The BH3 mimetic ABT-737 sensitises human melanoma cells to apoptosis induced by selective BRAF inhibitors but does not reverse acquired resistance
Menée sur des lignées cellulaires, cette étude suggère que l'ajout d'un composé appelé ABT-737, un inhibiteur BH3 mimétique ciblant des protéines de la famille Bcl-2, à un inhibiteur de BRAF pourrait améliorer la réponse thérapeutique initiale chez des patients atteints d'un mélanome présentant une mutation V600E du gène BRAF, mais n'aurait pas d'effet chez les patients dont les tumeurs sont devenues résistantes au traitement
Although the introduction of selective BRAF inhibitors has been a major advance in treatment of metastatic melanoma, approximately 50% of patients have limited responses including stabilisation of disease or no response at all. The present study aims to identify a novel means of overcoming resistance of melanoma to killing by BRAF inhibitors. We examined the influence of the BH3 mimetic ABT-737 on induction of apoptosis by the selective BRAF inhibitor PLX4720 in melanoma cells with or without BRAF V600E mutation. Included were cell lines established from four patients before and during treatment with selective BRAF inhibitors and 3D spheroids derived from these cell lines. Cell lines with no or low sensitivity to PLX4720 underwent synergistic increases and increased rates of apoptosis when combined with ABT-737. This degree of synergism was not seen in cell lines without BRAF V600E mutations.
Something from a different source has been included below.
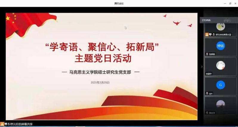 2月25日晚上,马克思主义学院硕士研究生党支部开展以“学寄语、聚初心、拓新局”为主题的线上主题党日活动,激励支部党员干事热情和昂扬斗志,以更好的姿态奋进2021,更好发挥先锋模范作用。学院党总支副书记、副院长王付欣参与观摩本次活动。
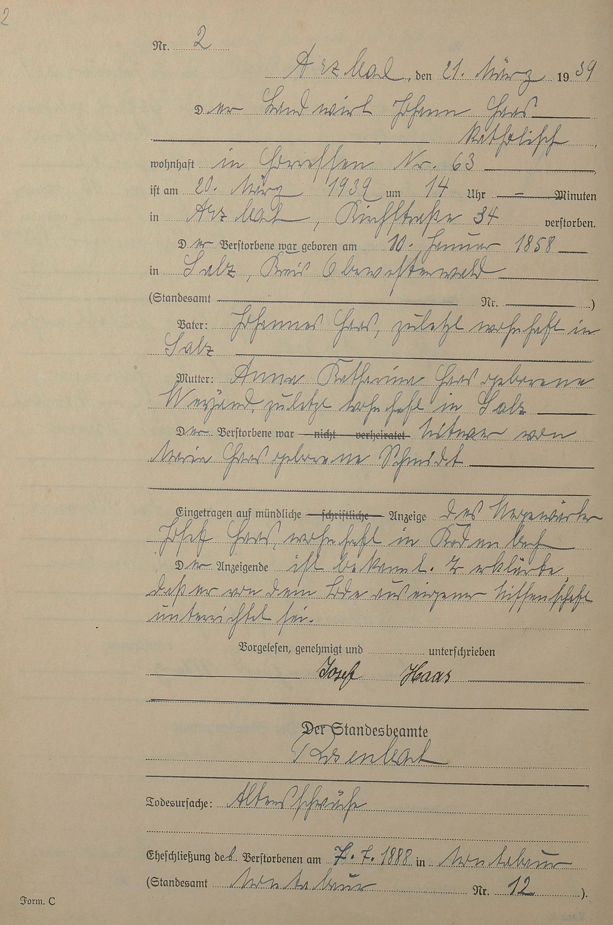 Sterberegister 1939

Apoptosis was mediated through the mitochondrial pathway and was due in part to upregulation of Bim as shown by inhibition of apoptosis following siRNA knockdown of Bim. Similar effects were seen in cell lines established from patients prior to treatment but not in lines from patients clinically resistant to the selective BRAF inhibitors and in 3D spheroids derived from these cell lines. These results suggest that combination of selective BRAF inhibitors with ABT-737 or the related orally available compound ABT-263 may increase the degree and rate of responses in previously untreated patients with V600E melanoma but not in those with acquired resistance to these agents.